■ YOUR INSTRUCTIONS ■
For this exercise, output exactly and only the lines running from the one with "Razzia in het" through the final line of the data below, without pictures.

Stored dataset items
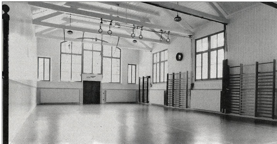
Sanierungen bedingen oft Kompromisse – hier bei der Beleuchtung; links einer der erhaltenen Reckpfosten der Turnhalle Matte, Bern.

Aufgrund dieser Forderungen wird in der Stadt Bern für die einzelnen Sanierungsobjekte jeweils eine Baukommission zusammengestellt. Diese wird von Fall zu Fall durch Fachspezialisten (Ingenieure, Denkmalpfleger, usw.) ergänzt.
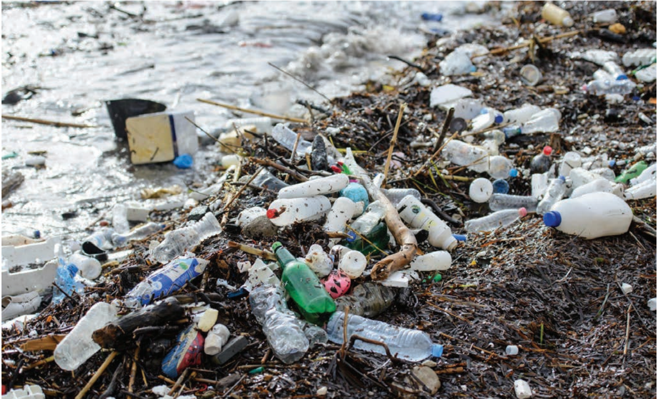
Relativno čest prizor s hrvatskih plaža

svih pronađenih predmeta bilo je plastičnog podrijetla. Životinje od toga umiru, a čestice mikroplastike poslije kroz hranu ili kuhinjsku sol završavaju i u ljudima. Ne čudi zato što je problem plastike već godinama jedna od važnijih tema u Europskoj uniji i prvi se put traži rješenje koje će na svim razinama riješiti jedno od gorućih ekoloških pitanja.
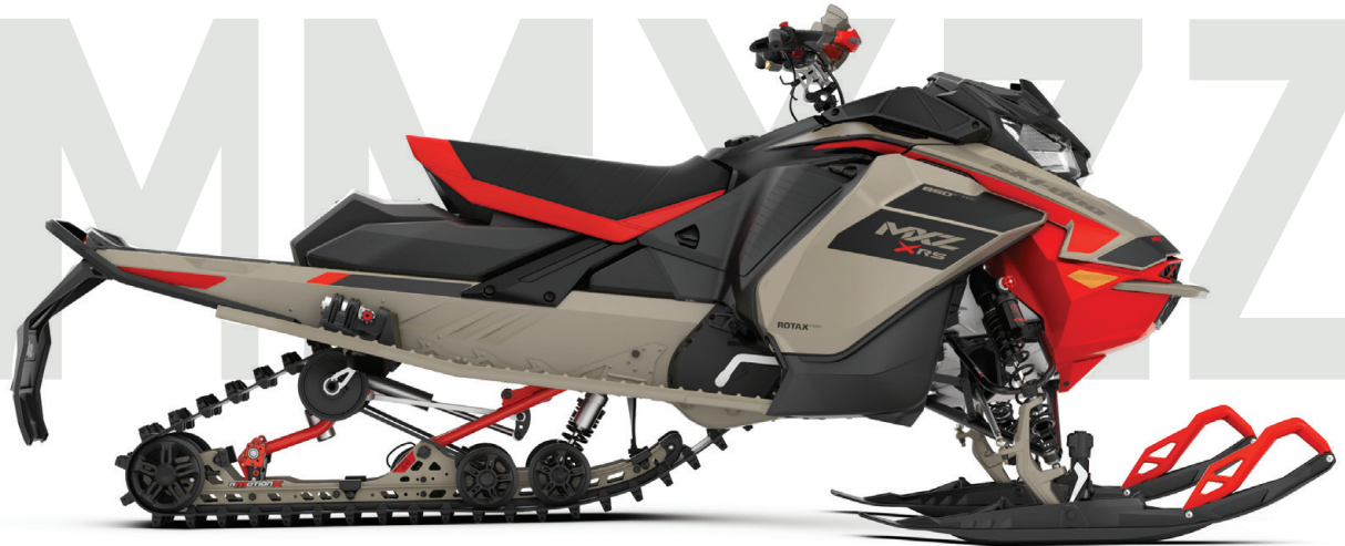
MXZ® X-RS® 850 E-TEC® VIST
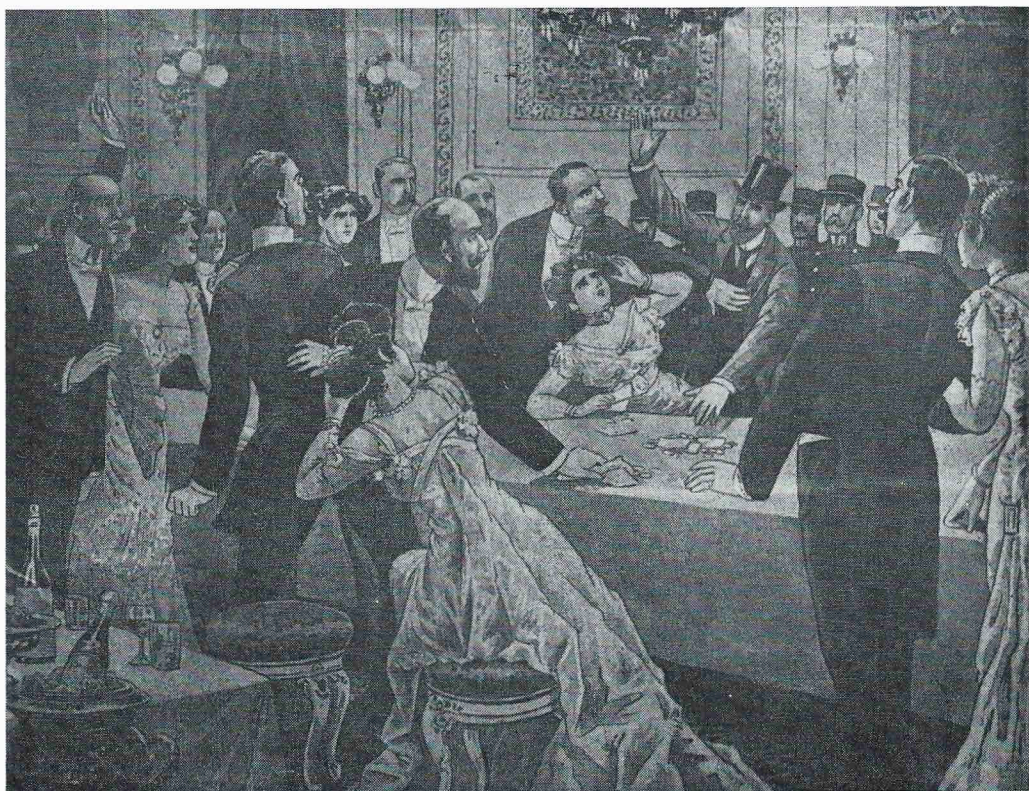
Razzia in het Kursaal, naar een Duitse illustratie, verz. De Plate (z.d.).
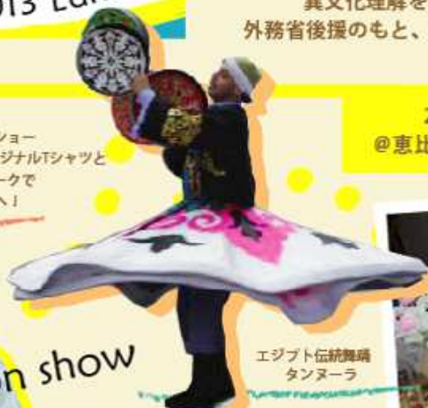
エジプト伝統舞踊 タンヌーラ
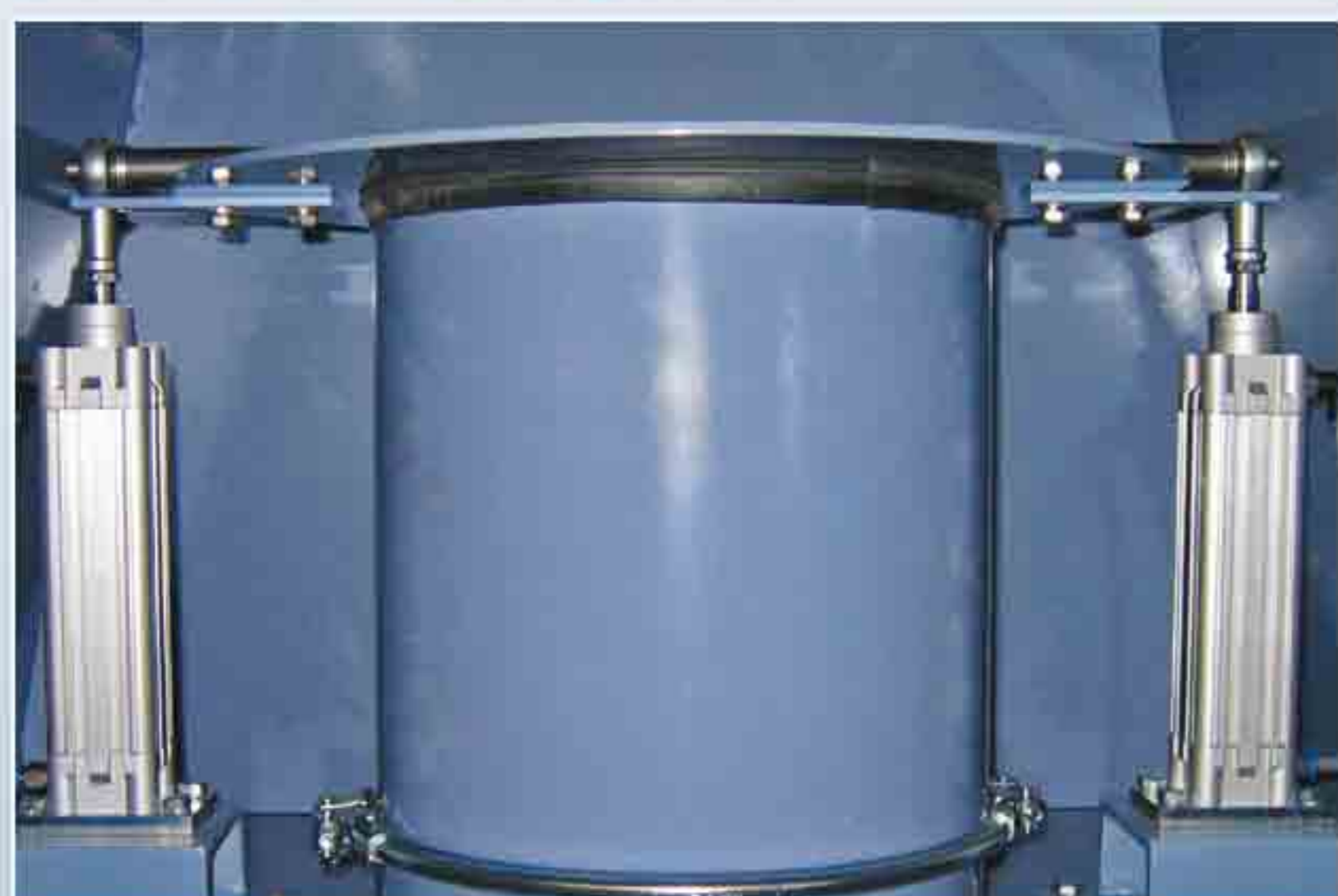
Dispositif de fixation de la goulotte d'écoulement du Big-Bag
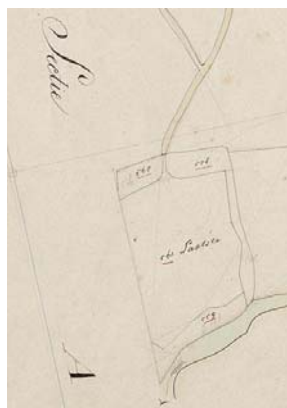
Onder: Sectie A, 4 e blad, het perceel met het kadastrale nummer 561 ('laatste' van sectie A, 1 e blad) is de locatie van de latere fabriek. Dit perceel behoorde toe aan de Provisorie van Eibergen die toen nog (gedeeltelijk) onder burgerlijk bestuur stond.
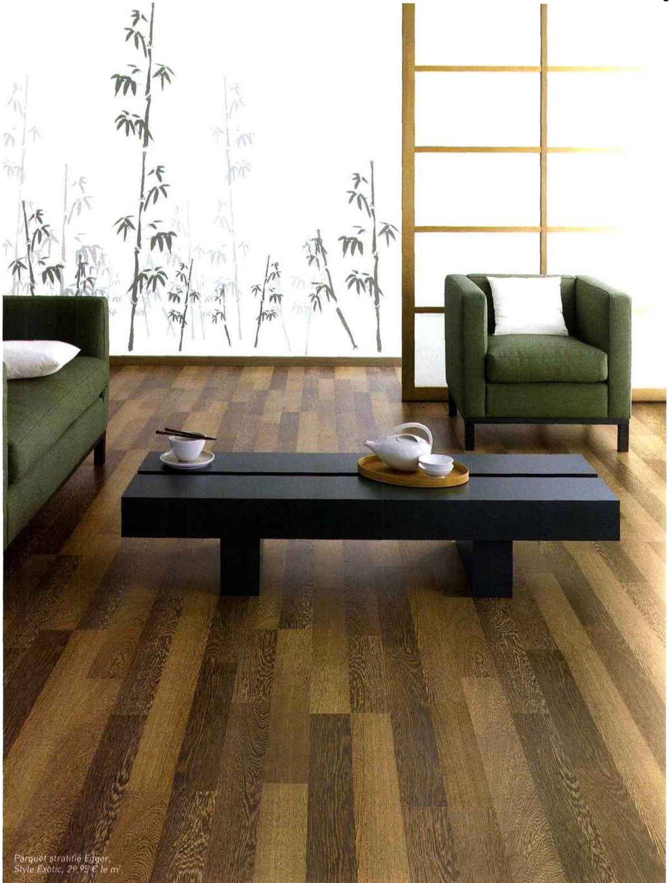
Parquet stratifié Egger, Style Exotic, 29,95 € le m 2

■ ANSWER BOX ■
Razzia in het Kursaal, naar een Duitse illustratie, verz. De Plate (z.d.).
エジプト伝統舞踊 タンヌーラ
Dispositif de fixation de la goulotte d'écoulement du Big-Bag
Onder: Sectie A, 4 e blad, het perceel met het kadastrale nummer 561 ('laatste' van sectie A, 1 e blad) is de locatie van de latere fabriek. Dit perceel behoorde toe aan de Provisorie van Eibergen die toen nog (gedeeltelijk) onder burgerlijk bestuur stond.
Parquet stratifié Egger, Style Exotic, 29,95 € le m 2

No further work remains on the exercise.